В тот же вечер он все-таки дозвонился до своей «агентессы» – это оказалась мать одного из его приятелей, жившая этажом ниже нас. Она слышала Анин разговор с «навозами» – а потом увидела, как супруга со Славкой садятся в нашу старенькую машину и уезжают в неизвестном направлении.

– Куда! – сказал он мне, когда я попытался привстать. – Главное, они вовремя смотались. А то даже Артем говорит, что сейчас в городе начался террор.

Его слова – «я на это не подписывался». А тебе лучше пока оставаться здесь. Подлечишься, попробую тебя переправить либо в Россию – но это сейчас сложно, либо хотя бы к донецким.

Через какое-то время я выздоровел, но на фронте было все хуже – украинская армия с тербатами продвинулась очень уж далеко, и было непонятно, как и где меня переправлять на ту сторону. Но мой приятель не терял времени – надыбал мне кое-какую одежку, включая охотничий камуфляж (габариты у меня всяко больше, чем у него, его шмотки мне бы не подошли), и подготовил все к возможному отходу.

А позавчера он ворвался в комнатушку, где я обитал – выбрана она была так, чтобы не просматриваться с улицы – и объявил:

– Выходим через десять минут. Все готово. Облачайся!

И протянул мне камуфляж и горные ботинки.

– А что случилось-то?

– У меня радио есть, прослушиваю разговоры «навозов». Как раз объявили, что по моему адресу прячут сепара. Кто донес, непонятно, но нашелся иуда, так что тебе надо срочно отсюда линять. Через полчаса они будут здесь.

– А ты?

– Я с тобой. «Схид и захид разом»[55], блин. Понял я теперь, что зря на те майданы мотался… Попробую искупить свою вину в ополчении. Вот только не знаю, куда нам с тобой идти.

– Пойдем в Первомайское у Снежного – там на хуторе живет Оля с семьей. А там посмотрим.

– Добро. Вот только машину придется бросить где-нибудь на полпути. На Саур-Могиле сейчас такое…

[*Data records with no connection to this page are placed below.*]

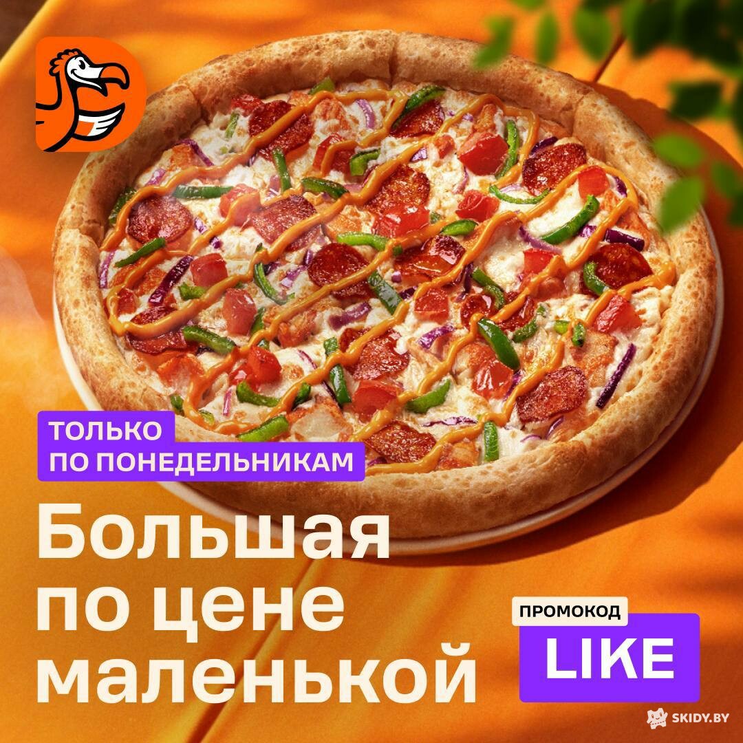 Скидка распространяется на пиццы размером 35 см: «Четыре сезона», «Бургер-пицца», «Гавайская», «Аррива!», «Карбонара», «Деревенская», «Овощи и грибы», «Двойная пепперони», «Мясная», «Цыплёнок барбекю», «Цыплёнок ранч», «Сырный цыплёнок», «Песто», «Пицца Жюльен», «Кантри-пицца», «Баварская», «Бефстроганов», «Додо Микс», «Додо», «Мясной микс с баварскими
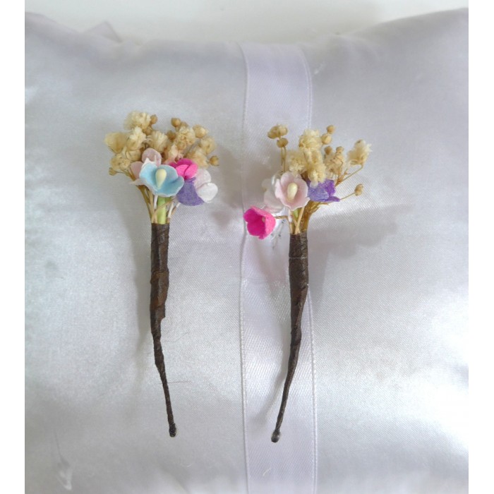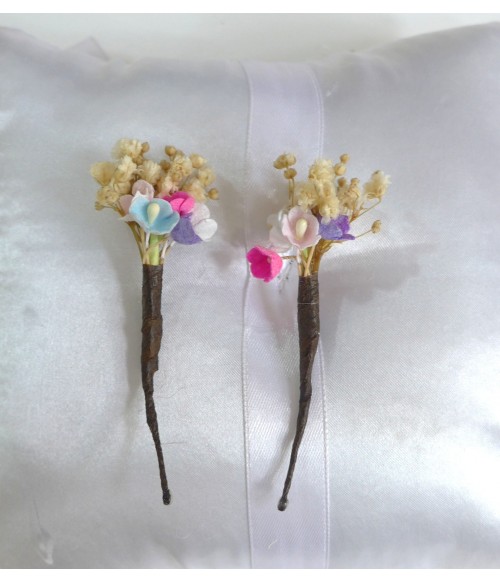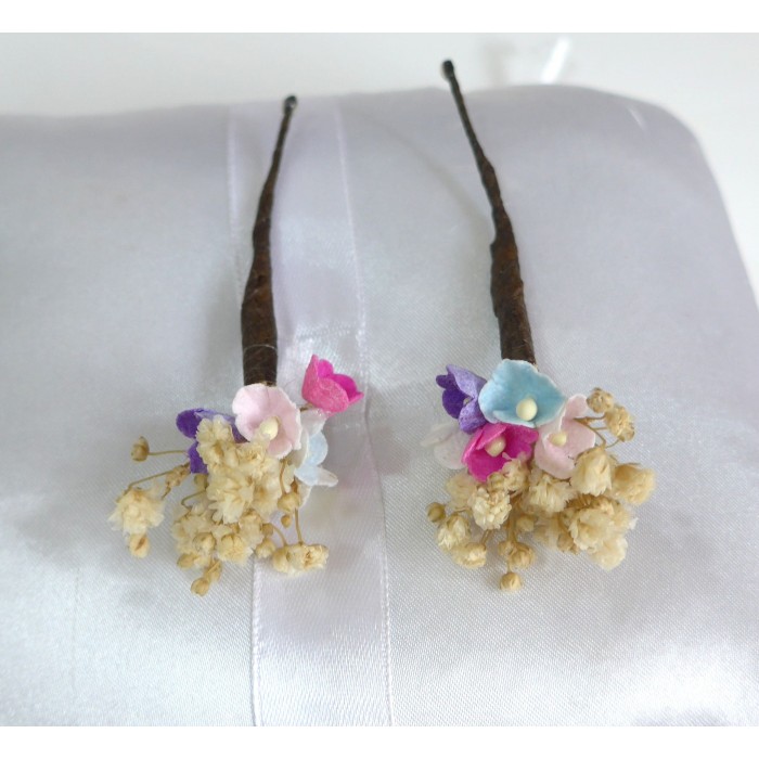 Pack de 2 pinchos con flores multicolor y flor seca.
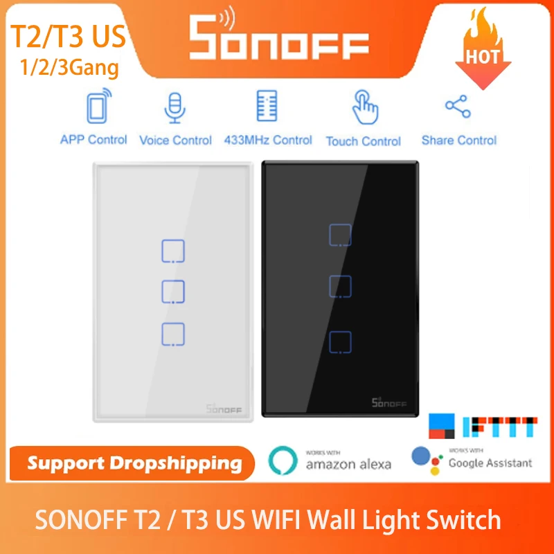 Умный настенный сенсорный выключатель SONOFF T2T3, США, 123 клавиши, Wi-Fi, домашняя Автоматизация через приложение Ewelink, голосовое управлениесенсорное управление, работает с Alexa Google Home
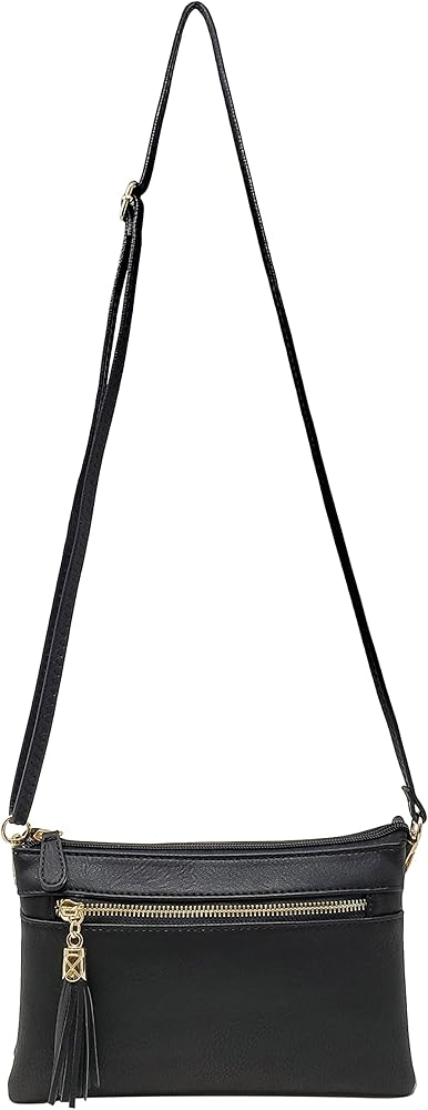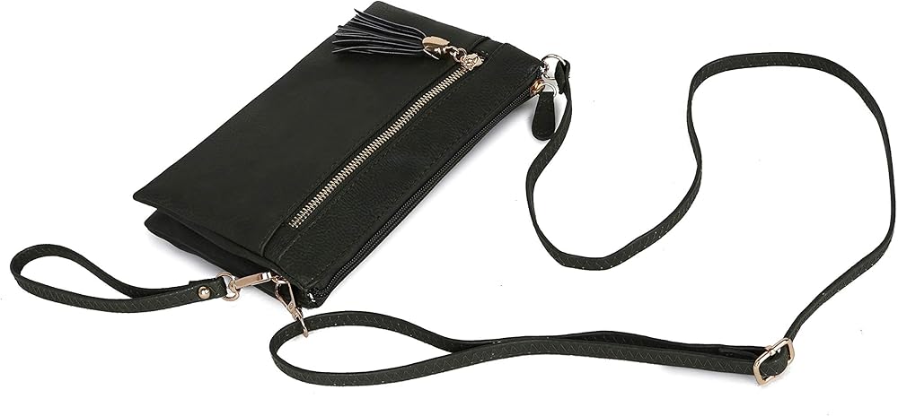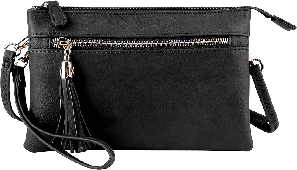 This multi-compartment wristlet clutch has 3 main compartments and a detachable Wristlet. It has a top zipper closure, 1 zipper pocket with tassels on the front, and an inner open pocket. The shoulder strap drops up to 27"

И вот мы здесь, на гребне Донецкого кряжа. Обидно было бы попасться в руки этих ублюдков, когда до цели оставалась пара-тройка километров. Мы как можно тише направились вдоль склона, подальше от «навозов», когда, как часто бывает в таких случаях, сработал закон подлости.

Когда-то давно я прочитал, что Марк Твен издевался над книгами Фенимора Купера, обозвав их вместо «серии про Кожаного Чулка» «серией про сломанную ветку» – во всех в них враги замечают героев, когда кто-нибудь из последних наступает на сухую ветку. Представляю себе, как этот пиндос начал бы хохотать над нами, если бы он услышал, как такая же сухая ветка хрустнула под моей ногой. И, как у Купера, «навозы» это услышали – и начали палить в нашем направлении.

Я разрядил сначала один, потом второй ствол своего «карамультука» – калибр дроби был весьма несерьезным, но один из супостатов заорал, схватившись за лицо, и принялся кататься по земле – наверное, дробь угодила ему в глаз. Но рядом я услышал падение тела – и, обернувшись, разглядел Колумба, валяющегося на земле. В отличие от «кизяка», он не издал ни звука. Я подскочил к нему, бросив ставшую бесполезной двустволку. Он лишь прошептал:

– Беги, я попробую их остановить.

Но я схватил «сайгу» и сделал несколько выстрелов – уж не знаю, было ли это простым везением или Божьим провидением, но все четверо валялись без движения. Я повесил «сайгу» на ветку, подхватил Ореста, посадил его себе на спину и, как мог, быстро захромал вниз по склону, прочь от этого поганого места.

Метров через триста меня вдруг повалили, скрутили, залепили рот клейкой лентой и куда-то повели.

– Друга моего возьмите! – тихо попросил я. Если это наши, то возьмут, подумал я, а если не наши, то хуже не будет.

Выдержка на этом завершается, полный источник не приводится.